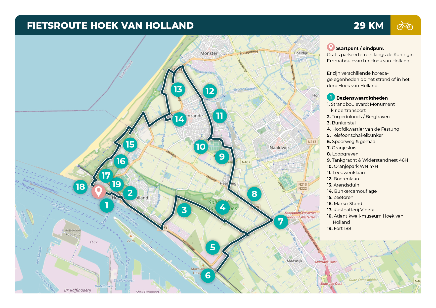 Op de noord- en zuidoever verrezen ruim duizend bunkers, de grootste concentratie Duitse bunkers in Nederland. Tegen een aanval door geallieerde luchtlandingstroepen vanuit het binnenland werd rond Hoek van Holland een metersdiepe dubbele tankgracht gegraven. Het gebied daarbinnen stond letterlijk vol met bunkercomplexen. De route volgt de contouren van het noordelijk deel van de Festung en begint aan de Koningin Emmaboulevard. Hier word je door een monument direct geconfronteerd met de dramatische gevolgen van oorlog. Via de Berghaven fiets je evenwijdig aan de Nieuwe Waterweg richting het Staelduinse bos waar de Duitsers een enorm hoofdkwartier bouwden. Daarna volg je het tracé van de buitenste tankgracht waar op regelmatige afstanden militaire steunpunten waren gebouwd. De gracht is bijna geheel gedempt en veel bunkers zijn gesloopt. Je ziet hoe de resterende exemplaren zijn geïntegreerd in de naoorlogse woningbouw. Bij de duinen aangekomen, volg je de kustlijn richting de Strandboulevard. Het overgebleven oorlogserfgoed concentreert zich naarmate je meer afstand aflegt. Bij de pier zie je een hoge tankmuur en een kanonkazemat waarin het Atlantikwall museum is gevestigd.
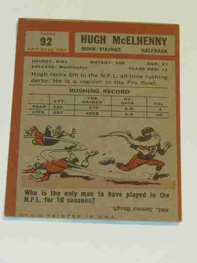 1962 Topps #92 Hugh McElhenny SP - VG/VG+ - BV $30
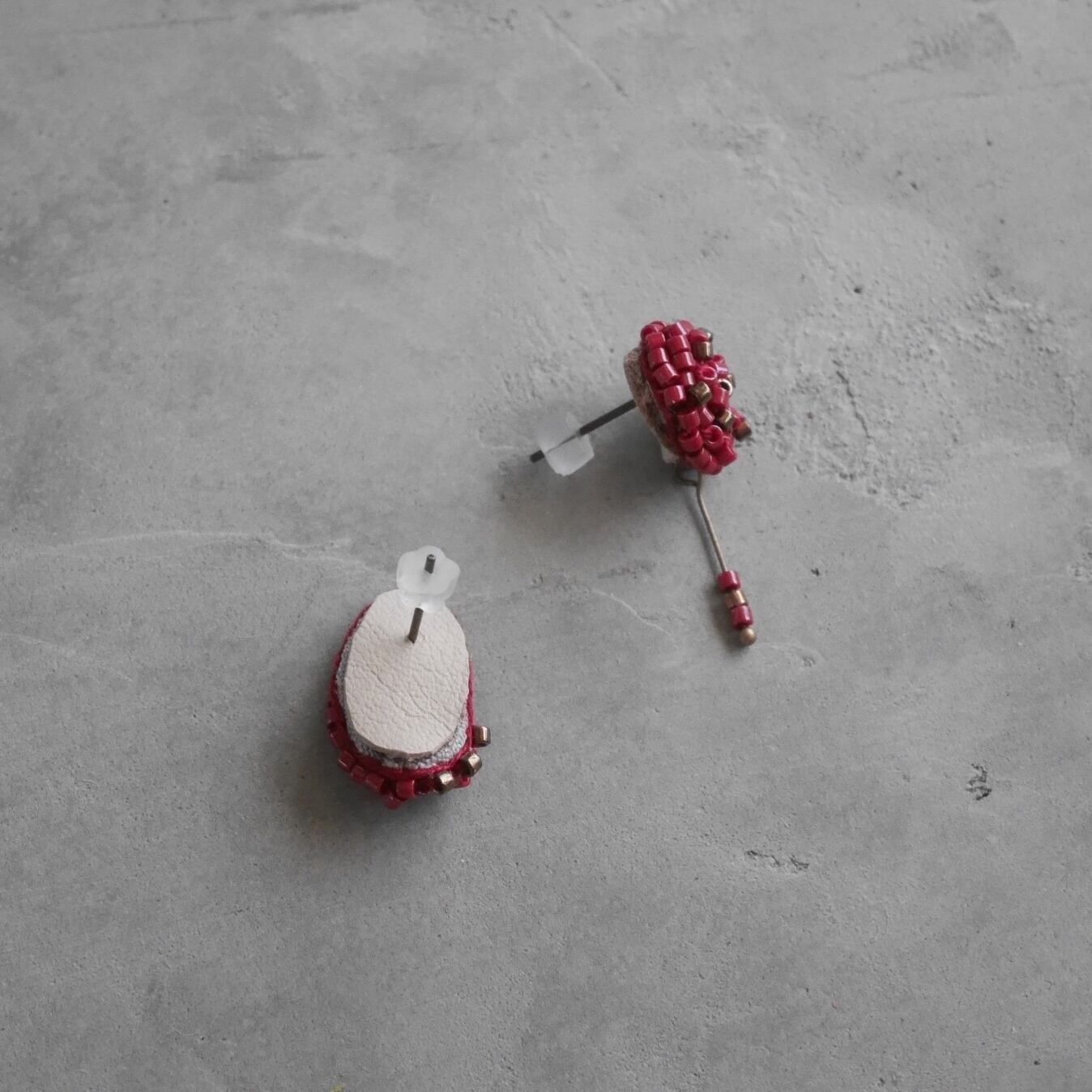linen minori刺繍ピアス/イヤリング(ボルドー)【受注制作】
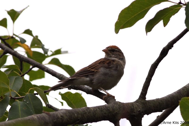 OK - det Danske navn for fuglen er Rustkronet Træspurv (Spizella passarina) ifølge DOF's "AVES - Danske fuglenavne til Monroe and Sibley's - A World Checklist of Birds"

-=-=-

■ Exercise description
Pictures are to be left out, and each line from the one that contains "1962 Topps #92" through the end of the listing is to be copied exactly.

■ Your solution
 1962 Topps #92 Hugh McElhenny SP - VG/VG+ - BV $30
linen minori刺繍ピアス/イヤリング(ボルドー)【受注制作】
 OK - det Danske navn for fuglen er Rustkronet Træspurv (Spizella passarina) ifølge DOF's "AVES - Danske fuglenavne til Monroe and Sibley's - A World Checklist of Birds"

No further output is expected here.